Jane elevó la voz imperativamente.

—¡No te entiendo, Robert! Estábamos hablando de los pájaros. ¿No podemos ponerles trampas o por lo menos comprar uno o dos gatos para acabar con ellos? ¡Cómo pudo el Todopoderoso crear criaturas tan ruidosas, para turbar la paz de la humanidad! ¡Es algo que escapa a mi comprensión! Antes casi me gustaban, pero ahora los detesto. Seguramente son inútiles…

—Madre —dijo Robert—. Si desaparecieran todos los pájaros del mundo, el hombre no sobreviviría siete años. Ésa es una realidad científica. Tampoco te gustan estos hermosos árboles y creo que te oí decir que te «extrañaba que Dios los hubiera creado». Si los árboles desaparecieran de la superficie de la tierra se convertiría en un desierto en el que no podríamos vivir. No habría más lluvias, se secaría la hierba y la tierra sería estéril. Solamente la raza humana —dijo en tono más elevado— podría desaparecer por completo sin que ninguna otra especie viviente sintiera jamás su pérdida. ¡A decir verdad, somos criaturas sin valor ninguno!

Jane lo miró fijamente.

—Debo decirte, Robert, que hablas igual que tu querido amigo, el doctor Ferrier. ¡Blasfemo! ¿No creó Dios al hombre para que dominara el mundo y mandara sobre todas las cosas? Entonces, todo lo demás podría desaparecer, y en muchos casos significaría una mejora, y el hombre seguiría triunfalmente vivo.

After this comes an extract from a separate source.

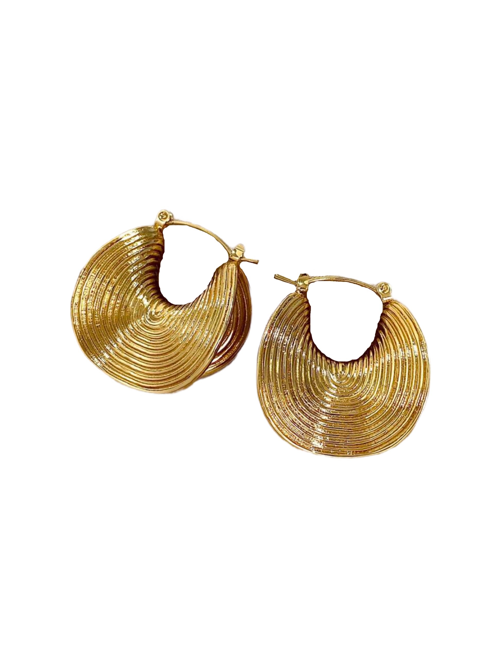 The Helia Hoops are a golden ode to movement - bold, radiant, and fluid like sunlight in motion. Crafted in a sculptural spiral design, these statement earrings channel vintage glamour with a modern twist.

—No es cierto —dijo Robert—. Estaría muerto. Y a veces, en mis relaciones con mis queridos semejantes, pienso que sería delicioso. Ya que estás citando la Biblia, permíteme recordarte que afirma que Dios hizo las criaturas de la tierra, el mar y el cielo, y las selvas, y los lagos y las corrientes, antes de castigarlos con la presencia del hombre, y primero los bendijo. Si dio al hombre el dominio sobre estas criaturas irresponsables, no fue para que las destruyera, sino para protegerlas, pues son tan hermosas o más que el hombre.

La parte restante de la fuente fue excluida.